The task:
Write out again, exactly, the lines below starting at the one with "- ボッテガヴェネタ イントレッチオミラージュ" and ending at the one with "a career journey.".

Source material: Begin

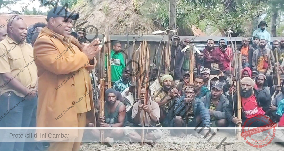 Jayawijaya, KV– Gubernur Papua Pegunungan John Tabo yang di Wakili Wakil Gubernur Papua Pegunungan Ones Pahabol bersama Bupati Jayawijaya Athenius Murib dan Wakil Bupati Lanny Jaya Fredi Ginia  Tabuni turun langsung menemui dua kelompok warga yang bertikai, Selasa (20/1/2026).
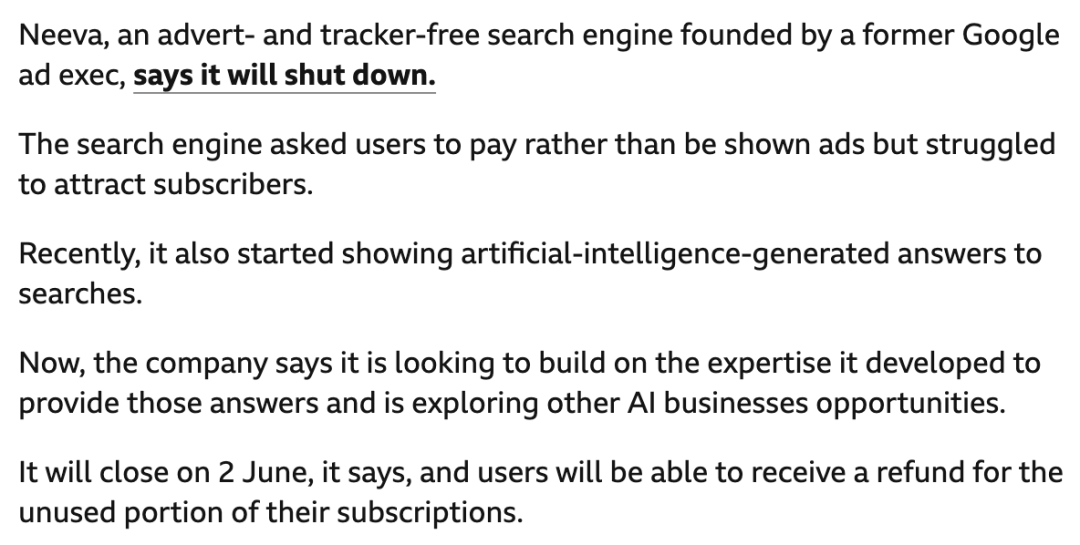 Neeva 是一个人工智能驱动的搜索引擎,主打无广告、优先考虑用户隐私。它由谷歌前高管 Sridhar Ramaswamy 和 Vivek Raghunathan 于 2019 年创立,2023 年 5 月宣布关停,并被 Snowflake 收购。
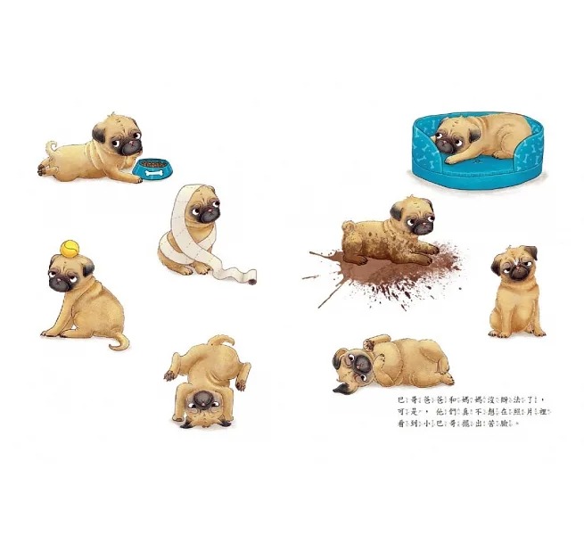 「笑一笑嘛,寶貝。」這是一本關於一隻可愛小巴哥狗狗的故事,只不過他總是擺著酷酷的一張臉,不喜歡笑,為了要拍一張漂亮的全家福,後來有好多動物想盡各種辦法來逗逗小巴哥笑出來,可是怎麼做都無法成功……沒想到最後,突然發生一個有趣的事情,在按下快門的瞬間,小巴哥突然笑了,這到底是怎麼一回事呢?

Source material: End
Source material: Begin

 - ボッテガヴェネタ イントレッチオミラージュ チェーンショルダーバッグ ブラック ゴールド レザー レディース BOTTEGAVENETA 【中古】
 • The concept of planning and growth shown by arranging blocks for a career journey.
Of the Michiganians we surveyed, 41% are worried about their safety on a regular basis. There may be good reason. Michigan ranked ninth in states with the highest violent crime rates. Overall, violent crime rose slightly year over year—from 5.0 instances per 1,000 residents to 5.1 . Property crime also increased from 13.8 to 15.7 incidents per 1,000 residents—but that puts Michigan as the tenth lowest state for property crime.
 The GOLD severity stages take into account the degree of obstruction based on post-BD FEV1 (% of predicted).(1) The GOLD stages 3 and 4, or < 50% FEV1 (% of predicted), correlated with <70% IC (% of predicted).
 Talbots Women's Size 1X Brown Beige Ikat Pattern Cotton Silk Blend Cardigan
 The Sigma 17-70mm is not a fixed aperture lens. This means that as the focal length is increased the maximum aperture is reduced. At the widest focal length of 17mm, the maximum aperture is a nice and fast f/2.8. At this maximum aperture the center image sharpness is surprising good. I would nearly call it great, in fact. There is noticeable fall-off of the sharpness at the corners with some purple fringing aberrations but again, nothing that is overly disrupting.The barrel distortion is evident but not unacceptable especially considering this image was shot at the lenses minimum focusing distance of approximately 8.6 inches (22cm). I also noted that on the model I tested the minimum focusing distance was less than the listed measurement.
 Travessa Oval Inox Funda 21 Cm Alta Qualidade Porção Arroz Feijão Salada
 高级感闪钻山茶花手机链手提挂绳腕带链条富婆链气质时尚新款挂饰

Source material: End

Problem solution:
 - ボッテガヴェネタ イントレッチオミラージュ チェーンショルダーバッグ ブラック ゴールド レザー レディース BOTTEGAVENETA 【中古】
 • The concept of planning and growth shown by arranging blocks for a career journey.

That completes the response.